• [Task]
Look in the listing below for the line that has "- Configure your", then return it and each following line up to and including the one with "8vo. 1 p. To", exactly and without pictures.

• [Data provided]
=-=-=-=-=

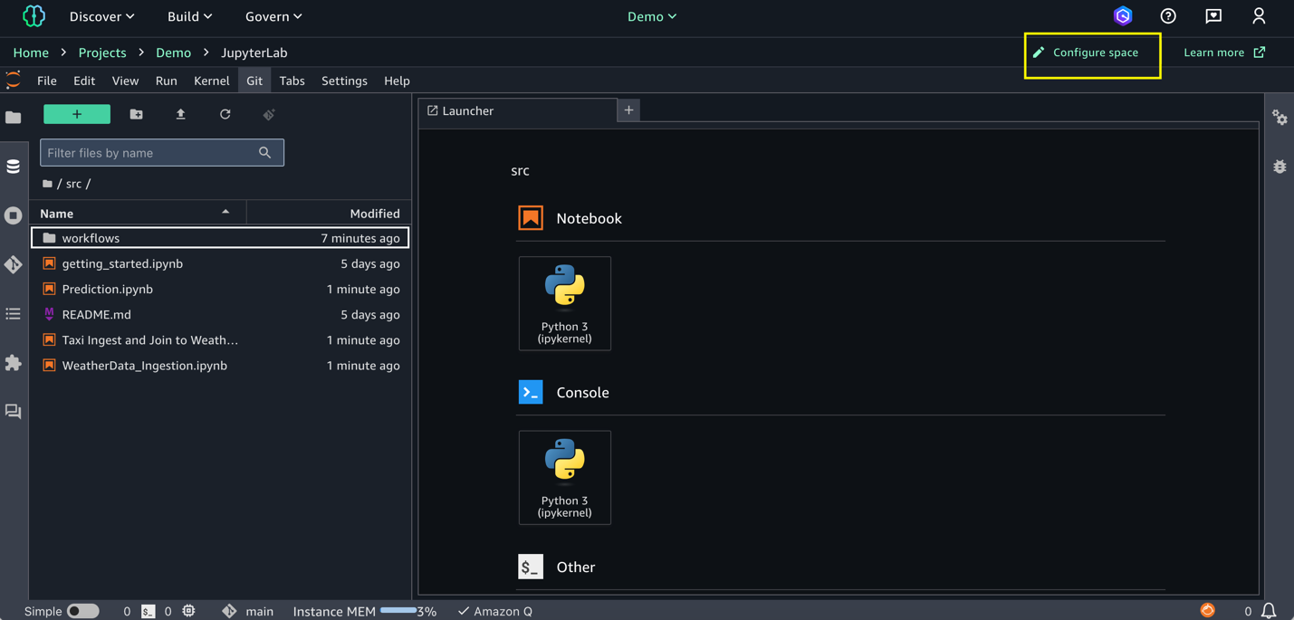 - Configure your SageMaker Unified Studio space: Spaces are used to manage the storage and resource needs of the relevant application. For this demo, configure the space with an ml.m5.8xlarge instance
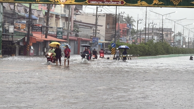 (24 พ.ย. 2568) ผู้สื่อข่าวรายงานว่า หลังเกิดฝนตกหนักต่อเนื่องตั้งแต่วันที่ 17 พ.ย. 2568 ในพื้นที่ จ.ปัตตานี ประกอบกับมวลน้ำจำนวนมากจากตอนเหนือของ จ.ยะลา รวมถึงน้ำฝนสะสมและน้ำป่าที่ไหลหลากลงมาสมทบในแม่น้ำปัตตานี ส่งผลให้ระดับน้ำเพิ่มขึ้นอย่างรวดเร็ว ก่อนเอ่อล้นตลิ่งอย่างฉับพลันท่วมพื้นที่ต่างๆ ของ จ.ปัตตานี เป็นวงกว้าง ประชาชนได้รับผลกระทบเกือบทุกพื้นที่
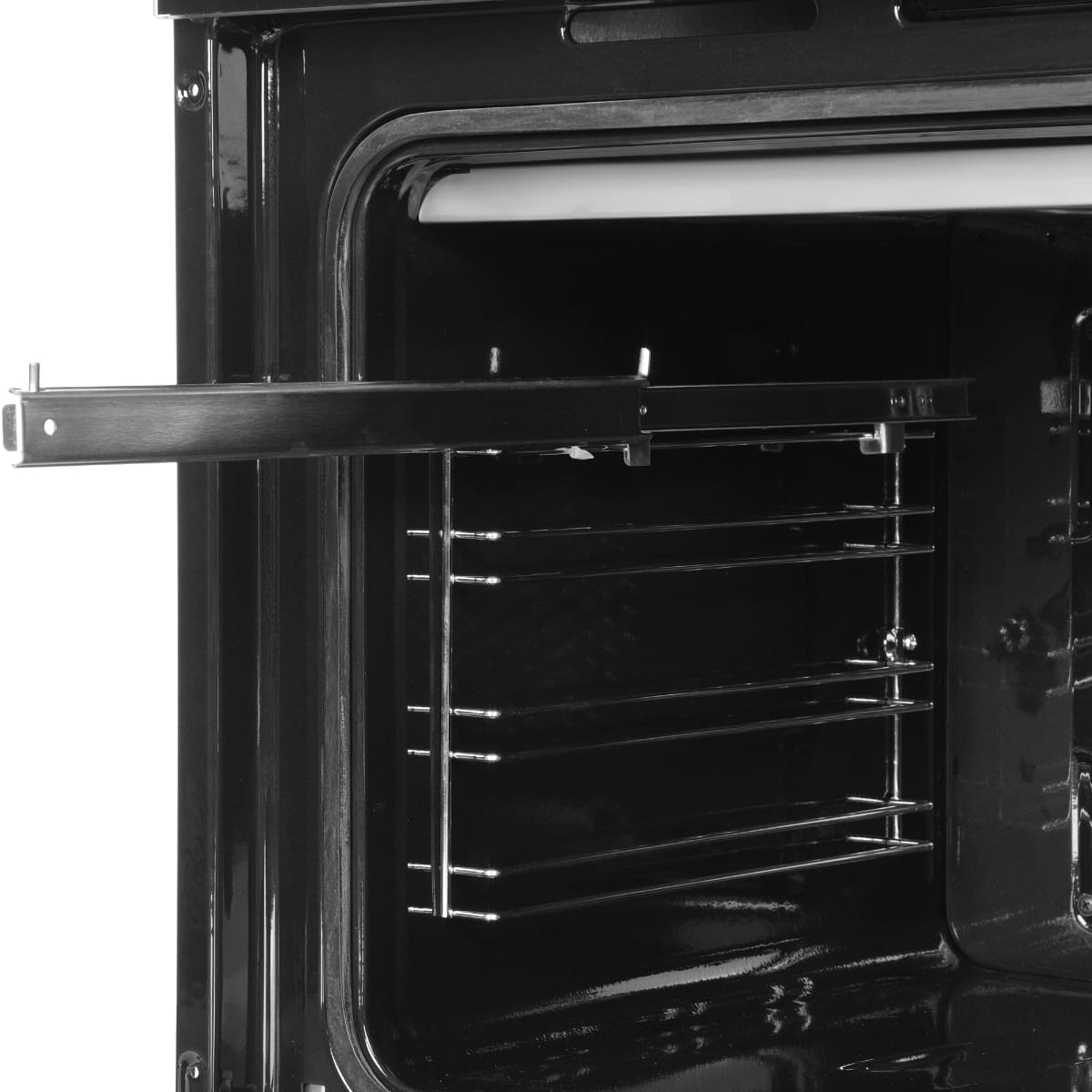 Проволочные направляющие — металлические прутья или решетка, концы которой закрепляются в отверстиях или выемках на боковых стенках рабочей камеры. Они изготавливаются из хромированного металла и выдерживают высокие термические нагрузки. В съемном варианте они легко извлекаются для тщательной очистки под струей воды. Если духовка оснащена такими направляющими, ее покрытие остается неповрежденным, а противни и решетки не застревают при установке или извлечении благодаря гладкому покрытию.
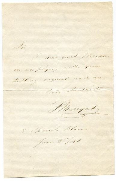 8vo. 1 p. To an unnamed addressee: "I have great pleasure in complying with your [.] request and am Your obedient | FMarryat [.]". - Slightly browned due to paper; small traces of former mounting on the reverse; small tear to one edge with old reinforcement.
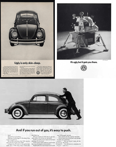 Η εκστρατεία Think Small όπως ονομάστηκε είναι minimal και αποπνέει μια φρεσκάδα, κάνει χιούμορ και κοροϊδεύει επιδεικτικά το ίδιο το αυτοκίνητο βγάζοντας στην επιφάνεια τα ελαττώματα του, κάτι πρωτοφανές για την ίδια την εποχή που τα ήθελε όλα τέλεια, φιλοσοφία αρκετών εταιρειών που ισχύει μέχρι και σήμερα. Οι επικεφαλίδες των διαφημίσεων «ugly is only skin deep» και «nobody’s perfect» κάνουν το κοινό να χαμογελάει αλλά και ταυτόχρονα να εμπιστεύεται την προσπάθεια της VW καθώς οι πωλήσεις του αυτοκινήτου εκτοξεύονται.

=-=-=-=-=

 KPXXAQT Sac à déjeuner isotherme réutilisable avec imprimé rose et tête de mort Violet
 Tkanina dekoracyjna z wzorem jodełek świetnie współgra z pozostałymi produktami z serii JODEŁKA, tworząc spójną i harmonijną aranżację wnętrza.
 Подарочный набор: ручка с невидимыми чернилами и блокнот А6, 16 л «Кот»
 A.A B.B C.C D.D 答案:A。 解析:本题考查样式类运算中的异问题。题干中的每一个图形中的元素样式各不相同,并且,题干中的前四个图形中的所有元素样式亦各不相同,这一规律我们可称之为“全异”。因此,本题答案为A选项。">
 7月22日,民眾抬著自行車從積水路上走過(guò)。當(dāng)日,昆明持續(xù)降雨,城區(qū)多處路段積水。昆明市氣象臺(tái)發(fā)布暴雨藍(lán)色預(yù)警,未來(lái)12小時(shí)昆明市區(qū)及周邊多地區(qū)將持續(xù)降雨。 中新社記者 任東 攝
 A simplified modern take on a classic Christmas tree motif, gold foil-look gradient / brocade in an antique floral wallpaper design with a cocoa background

=-=-=-=-=

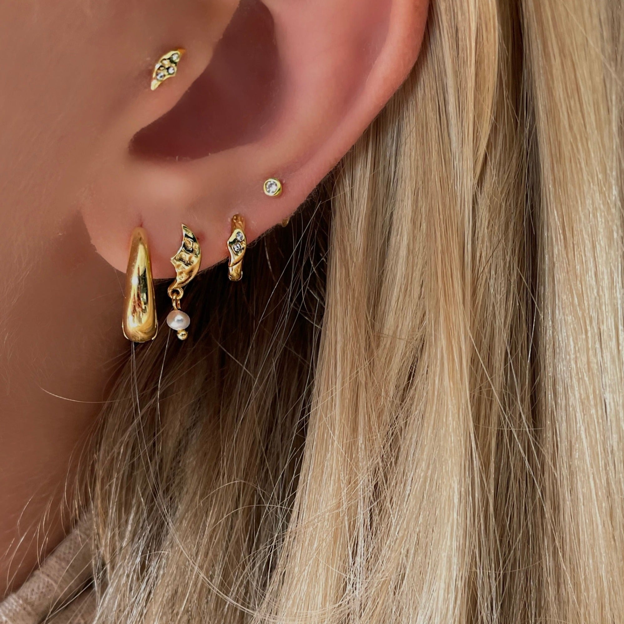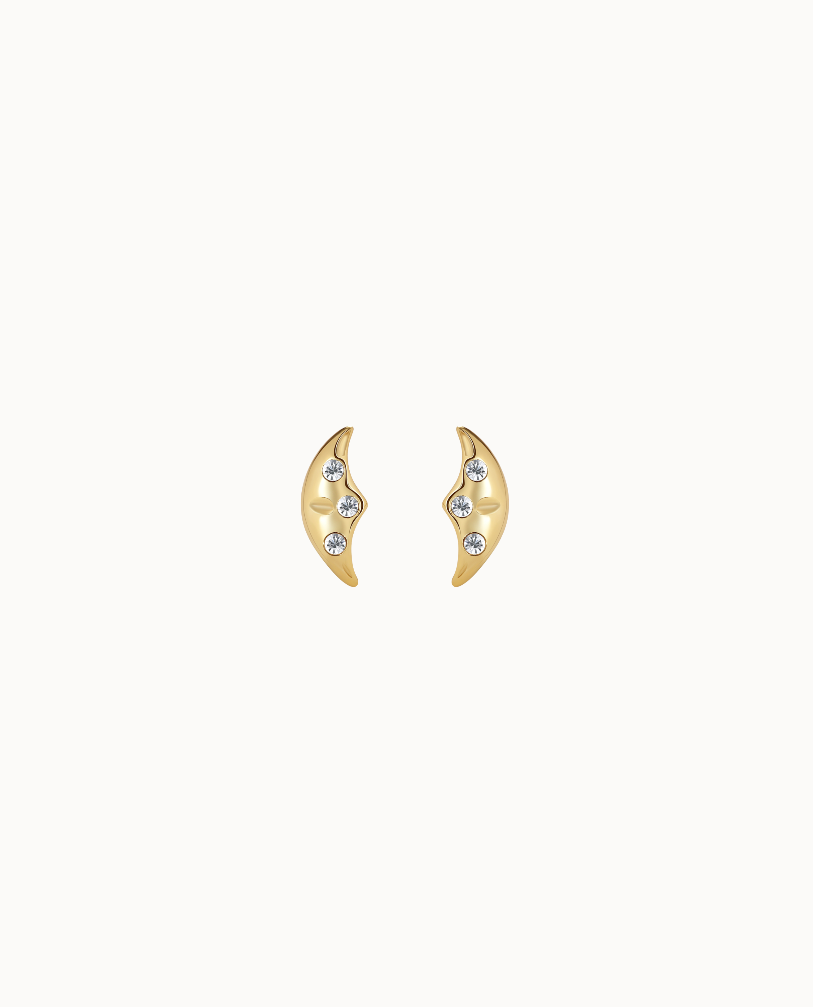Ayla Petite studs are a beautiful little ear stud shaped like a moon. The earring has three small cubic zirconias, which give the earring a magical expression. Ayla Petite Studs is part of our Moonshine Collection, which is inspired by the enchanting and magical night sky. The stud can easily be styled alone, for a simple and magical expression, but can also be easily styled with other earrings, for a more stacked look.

=-=-=-=-=

• [The completed task]
 - Configure your SageMaker Unified Studio space: Spaces are used to manage the storage and resource needs of the relevant application. For this demo, configure the space with an ml.m5.8xlarge instance
 (24 พ.ย. 2568) ผู้สื่อข่าวรายงานว่า หลังเกิดฝนตกหนักต่อเนื่องตั้งแต่วันที่ 17 พ.ย. 2568 ในพื้นที่ จ.ปัตตานี ประกอบกับมวลน้ำจำนวนมากจากตอนเหนือของ จ.ยะลา รวมถึงน้ำฝนสะสมและน้ำป่าที่ไหลหลากลงมาสมทบในแม่น้ำปัตตานี ส่งผลให้ระดับน้ำเพิ่มขึ้นอย่างรวดเร็ว ก่อนเอ่อล้นตลิ่งอย่างฉับพลันท่วมพื้นที่ต่างๆ ของ จ.ปัตตานี เป็นวงกว้าง ประชาชนได้รับผลกระทบเกือบทุกพื้นที่
 Проволочные направляющие — металлические прутья или решетка, концы которой закрепляются в отверстиях или выемках на боковых стенках рабочей камеры. Они изготавливаются из хромированного металла и выдерживают высокие термические нагрузки. В съемном варианте они легко извлекаются для тщательной очистки под струей воды. Если духовка оснащена такими направляющими, ее покрытие остается неповрежденным, а противни и решетки не застревают при установке или извлечении благодаря гладкому покрытию.
 8vo. 1 p. To an unnamed addressee: "I have great pleasure in complying with your [.] request and am Your obedient | FMarryat [.]". - Slightly browned due to paper; small traces of former mounting on the reverse; small tear to one edge with old reinforcement.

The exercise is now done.